**WHAT TO DO**
Lines from the one containing "近日,一位特斯拉女车主王女士" through the end of the listing are what is wanted, given again exactly with both ends included and pictures left out.
::: DATA SEGMENT
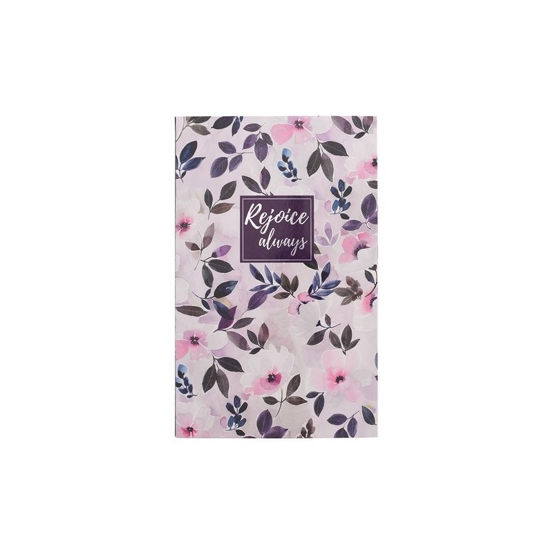 This Rejoice Always Christian journal has a printed heavy card stock cover with high glossy texture and silver foiled title. It contains 128 lines pages for journaling or note-taking with a Scripture verse at the bottom of each page. A presentation page was added at the front of the journal for a personal message when giving as a gift. Size: 5 1/8" (W) x 8 1/4" (H) Glossy Card Stock Cover Foiled Title 128 Lined Pages Presentation Page for Gift-giving
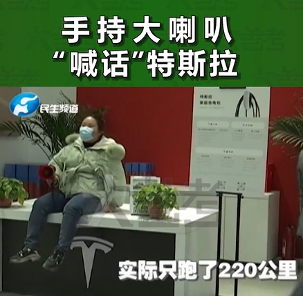 近日,一位特斯拉女车主王女士,因特斯拉汽车续航问题,手持大喇叭在特斯拉郑州中原福塔店喊话维权,“买车时宣称续航468公里,实际只跑220公里,消费者购车时切勿上当”。
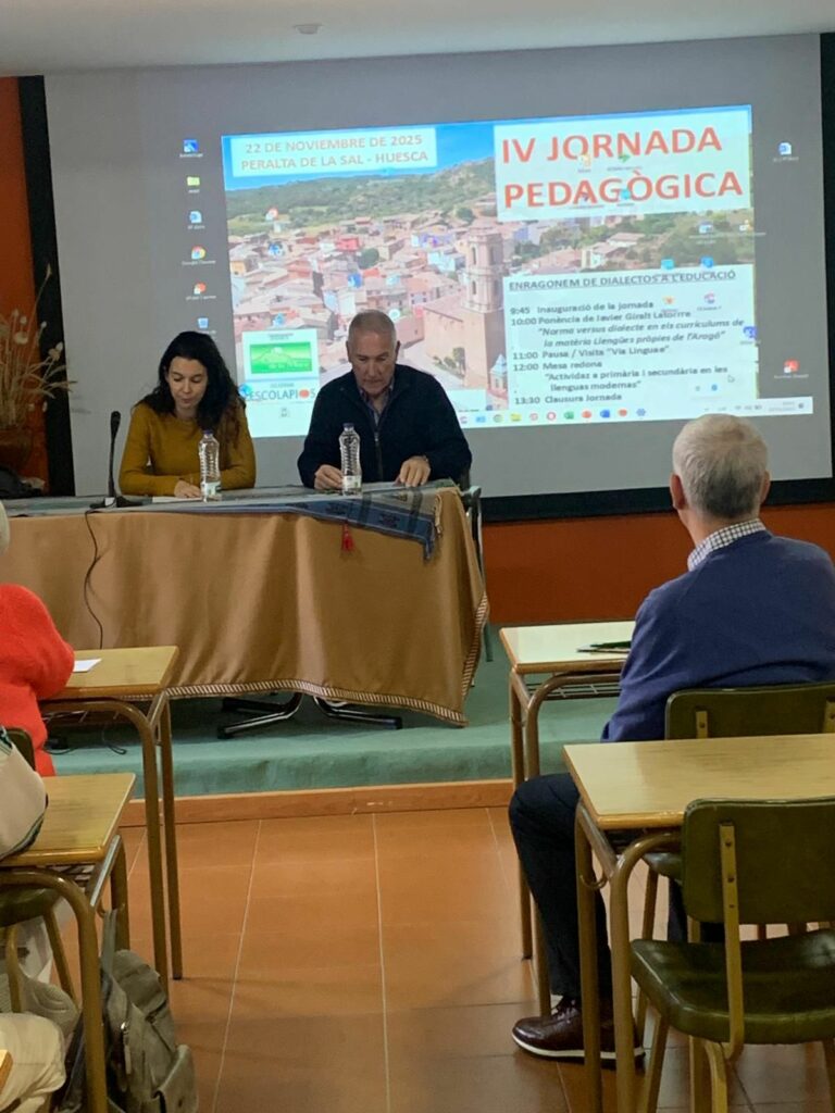 Abrió la jornada, Javier Giralt (profesor de filología catalana en la universidad de Zaragoza, presidente de la Academia Aragonesa de la lengua, y director del Instituto Aragonés del Catalán) con una ponencia sobre » Norma versus dialecte en el curriculums de de la materia Llengues propies d’Aragó».
::::::
**RESULT**
 近日,一位特斯拉女车主王女士,因特斯拉汽车续航问题,手持大喇叭在特斯拉郑州中原福塔店喊话维权,“买车时宣称续航468公里,实际只跑220公里,消费者购车时切勿上当”。
 Abrió la jornada, Javier Giralt (profesor de filología catalana en la universidad de Zaragoza, presidente de la Academia Aragonesa de la lengua, y director del Instituto Aragonés del Catalán) con una ponencia sobre » Norma versus dialecte en el curriculums de de la materia Llengues propies d’Aragó».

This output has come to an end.